**HOW TO COMPLETE THIS TASK:**
When you repeat the records, keep every word exact and drop each picture.

(Data extracted from a collection)

# # # # #

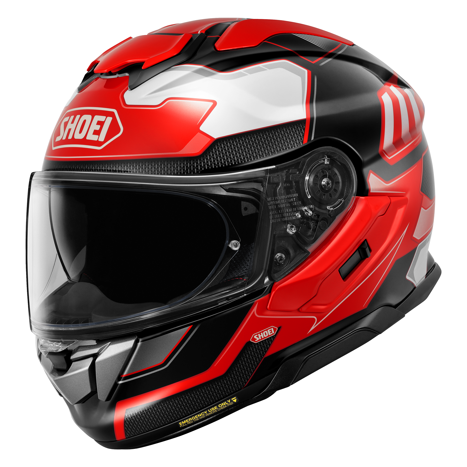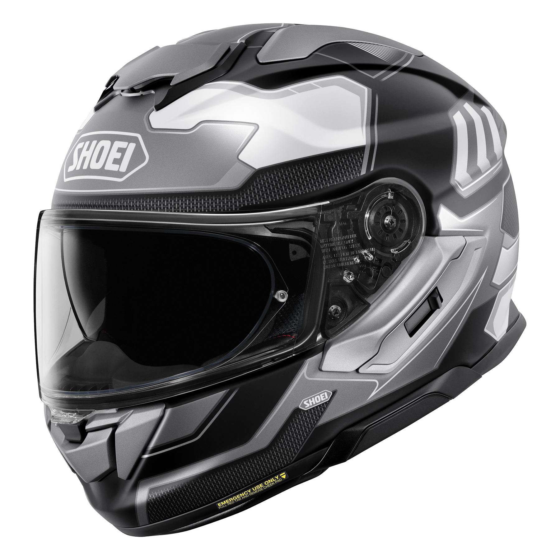 Shoei GT-AIR 3 har stötdämpande skal i AIM, tre skalsorlekar. EPS-inredning i olika densiteter. Förbättrade kindkuddar med Noise Isolator® för maximal brusreducering.
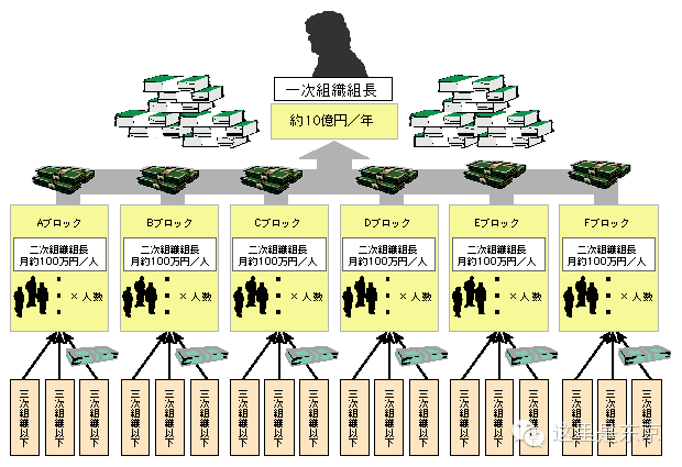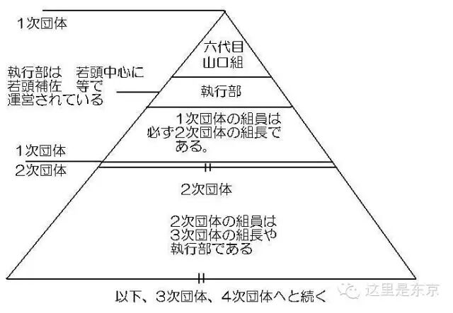 日本的黑社会组织形式通常是一个大帮派下面有一群小帮派。双方的关系类似于母公司与子公司这种商业模式,也很像笑傲江湖中五岳剑派的那种形式。
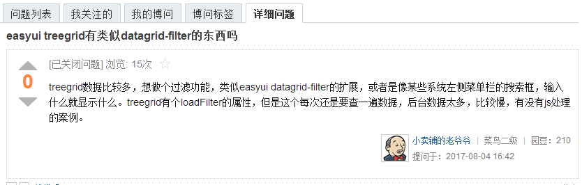 期間我也看了下網上的解決方法,不知道是不是太簡單了,網上關於TreeGrid過濾的資源很少。博問裡也都被大牛無視了。
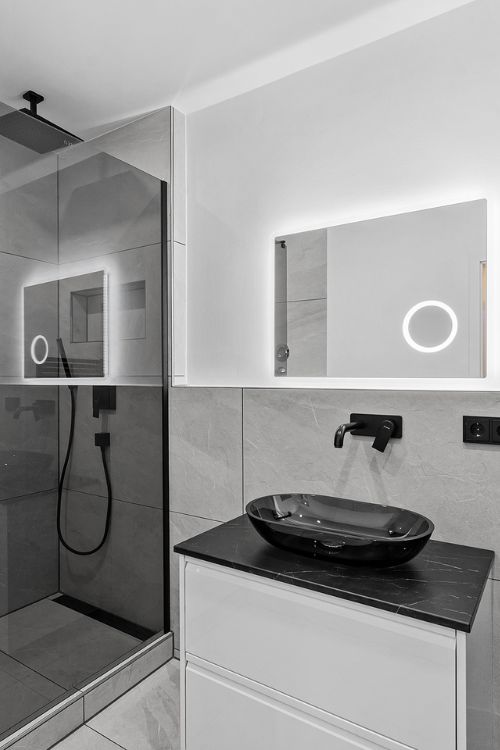 Moderne großformatige Fliesen, Unterputz-Armaturen
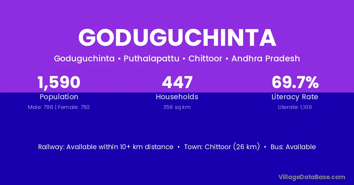 Chittoor (26 km) is the nearest town to Goduguchinta village for major economic activities and is located approximately 26 km away.
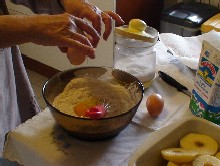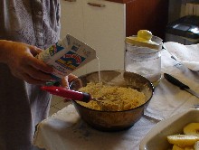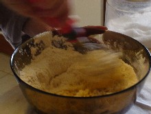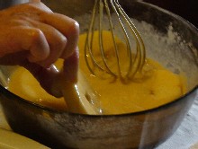 Mescolare zucchero, farina, un pizzico di sale, due uova intere e latte sufficiente a creare una pastella consistente, ma non troppo
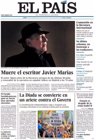 EL PAÍS: "Muere el escritor Javier Marías"; "La Diada se convierte en un ariete contra el Govern"; "El Partido Socialdemócrata gana en Suecia unas ajustadas elecciones"; "La industria militar rusa se juega su futuro en Ucrania"; "Escocia se despide de la reina Isabel II".
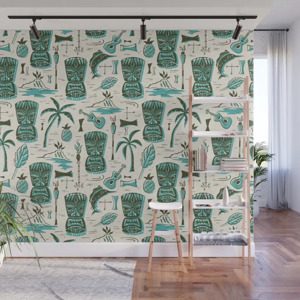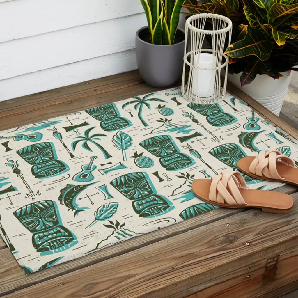 Tropical Tiki - Cream & Aqua Outdoor Rug
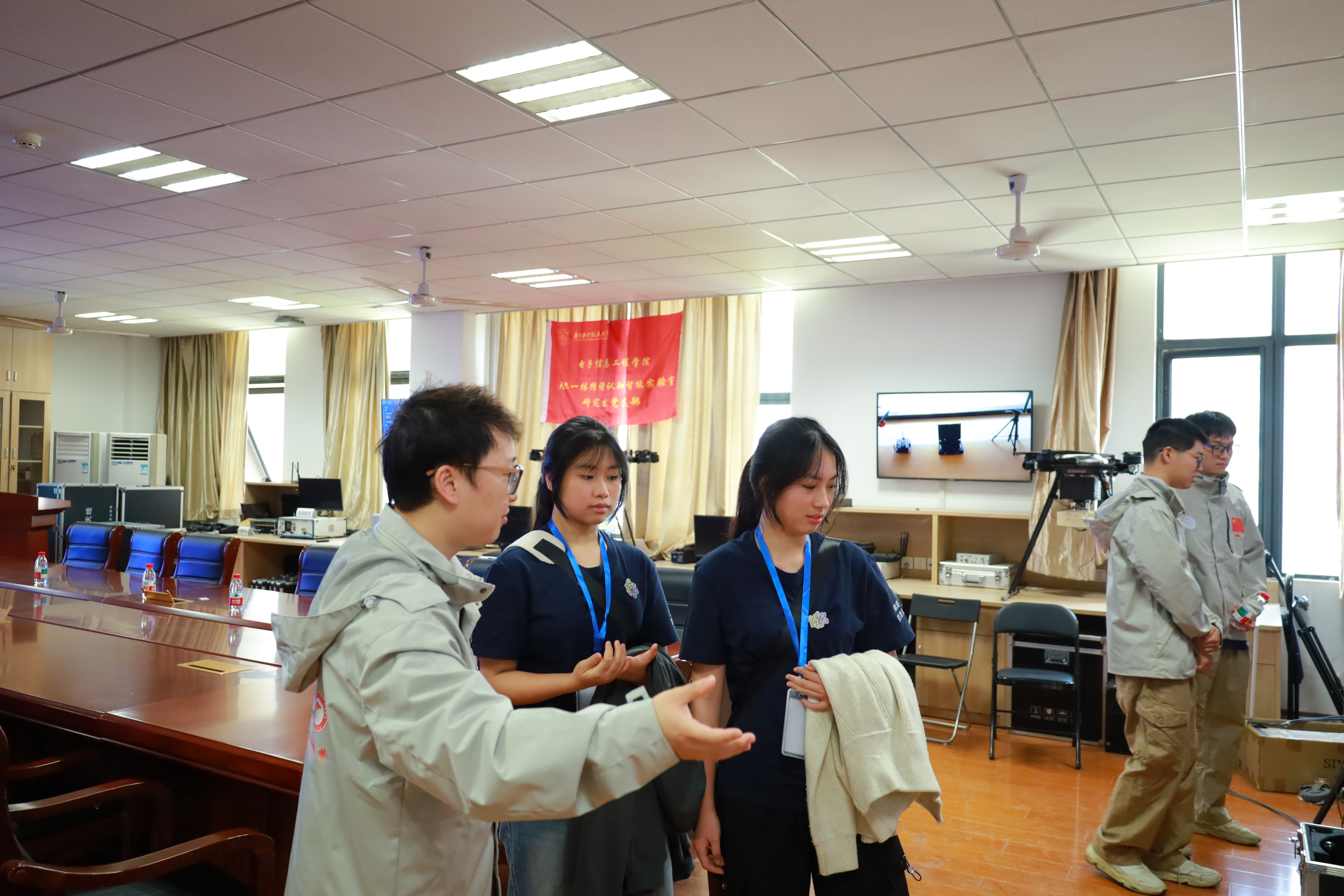 支部书记徐睿带领参观者深入了解实验室的研究方向和技术亮点。他着重阐释了电磁频谱空间认知动态系统的创新应用,让大家对该系统在实际中的应用和发展潜力有了初步认识。唐王昊深入剖析了无人机载辐射源测向定位仪器的前沿技术,将复杂的专业内容以通俗易懂的方式呈现给参观者,为大家打开了一扇通往前沿科技的窗口。

# # # # #

**OUTPUT FOR THIS TASK:**
 Shoei GT-AIR 3 har stötdämpande skal i AIM, tre skalsorlekar. EPS-inredning i olika densiteter. Förbättrade kindkuddar med Noise Isolator® för maximal brusreducering.
 日本的黑社会组织形式通常是一个大帮派下面有一群小帮派。双方的关系类似于母公司与子公司这种商业模式,也很像笑傲江湖中五岳剑派的那种形式。
 期間我也看了下網上的解決方法,不知道是不是太簡單了,網上關於TreeGrid過濾的資源很少。博問裡也都被大牛無視了。
 Moderne großformatige Fliesen, Unterputz-Armaturen
 Chittoor (26 km) is the nearest town to Goduguchinta village for major economic activities and is located approximately 26 km away.
 Mescolare zucchero, farina, un pizzico di sale, due uova intere e latte sufficiente a creare una pastella consistente, ma non troppo
 EL PAÍS: "Muere el escritor Javier Marías"; "La Diada se convierte en un ariete contra el Govern"; "El Partido Socialdemócrata gana en Suecia unas ajustadas elecciones"; "La industria militar rusa se juega su futuro en Ucrania"; "Escocia se despide de la reina Isabel II".
 Tropical Tiki - Cream & Aqua Outdoor Rug
 支部书记徐睿带领参观者深入了解实验室的研究方向和技术亮点。他着重阐释了电磁频谱空间认知动态系统的创新应用,让大家对该系统在实际中的应用和发展潜力有了初步认识。唐王昊深入剖析了无人机载辐射源测向定位仪器的前沿技术,将复杂的专业内容以通俗易懂的方式呈现给参观者,为大家打开了一扇通往前沿科技的窗口。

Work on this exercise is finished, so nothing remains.